- Location in Lee County
- Lee County's location in Illinois
- Coordinates: 41°52′04″N 89°27′33″W﻿ / ﻿41.86778°N 89.45917°W
- Country: United States
- State: Illinois
- County: Lee
- Established: November 6, 1849

Area
- • Total: 29.86 sq mi (77.3 km^{2})
- • Land: 28.95 sq mi (75.0 km^{2})
- • Water: 0.92 sq mi (2.4 km^{2}) 3.07%
- Elevation: 663 ft (202 m)

Population (2020)
- • Total: 17,379
- • Density: 600.3/sq mi (231.8/km^{2})
- Time zone: UTC-6 (CST)
- • Summer (DST): UTC-5 (CDT)
- ZIP code: 61021
- FIPS code: 17-103-20175

= Dixon Township, Lee County, Illinois =

Dixon Township is one of twenty-two townships in Lee County, Illinois, USA. As of the 2020 census, its population was 17,379 and it contained 7,299 housing units.

==History==
Dixon Township was established on November 6, 1849. Two additional townships were created from it; Nelson Township was created on February 28, 1860, and South Dixon Township was created on February 12, 1867.

==Geography==
According to the 2021 census gazetteer files, Dixon Township has a total area of 29.86 sqmi, of which 28.95 sqmi (or 96.93%) is land and 0.92 sqmi (or 3.07%) is water.

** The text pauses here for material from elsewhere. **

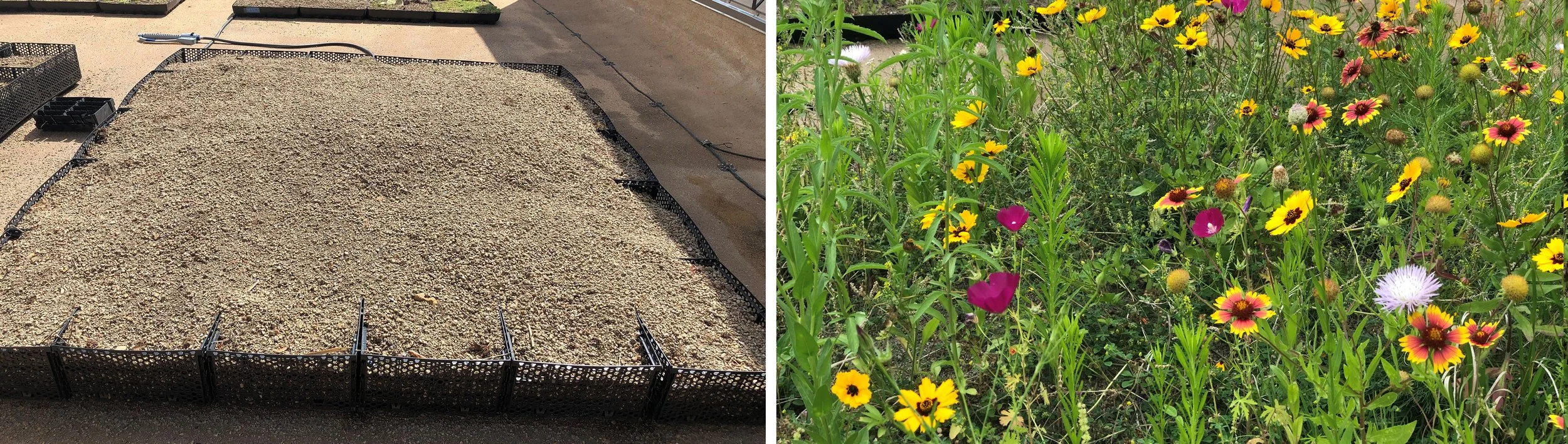 (left) Image shows rooflite® extensive growing media that was originally installed on green roof experimental plots at Texas A&M University in 2012 in Tecta America® trays. Shown here in 2022, the media was repurposed in Bioroof® modular trays mounding from 8” at the edges to 12” in the center and was seeded with a native Blackland prairie mix. (right) Sunlight, precipitation, and supplemental watering brought the seed and substrate to life after one growing season (Dvorak and Woodfin 2023). Photo: Bruce Dvorak

===Cities, towns, villages===
- Dixon (north three-quarters)

===Cemeteries===
The township contains these five cemeteries: Burket, Chapel Hill, Dixon State School, Mount Union and Oakwood.

==Demographics==
As of the 2020 census there were 17,379 people, 6,600 households, and 3,469 families residing in the township. The population density was 582.00 PD/sqmi. There were 7,299 housing units at an average density of 244.43 /sqmi. The racial makeup of the township was 79.70% White, 9.93% African American, 0.23% Native American, 0.83% Asian, 0.03% Pacific Islander, 3.68% from other races, and 5.60% from two or more races. Hispanic or Latino of any race were 8.26% of the population.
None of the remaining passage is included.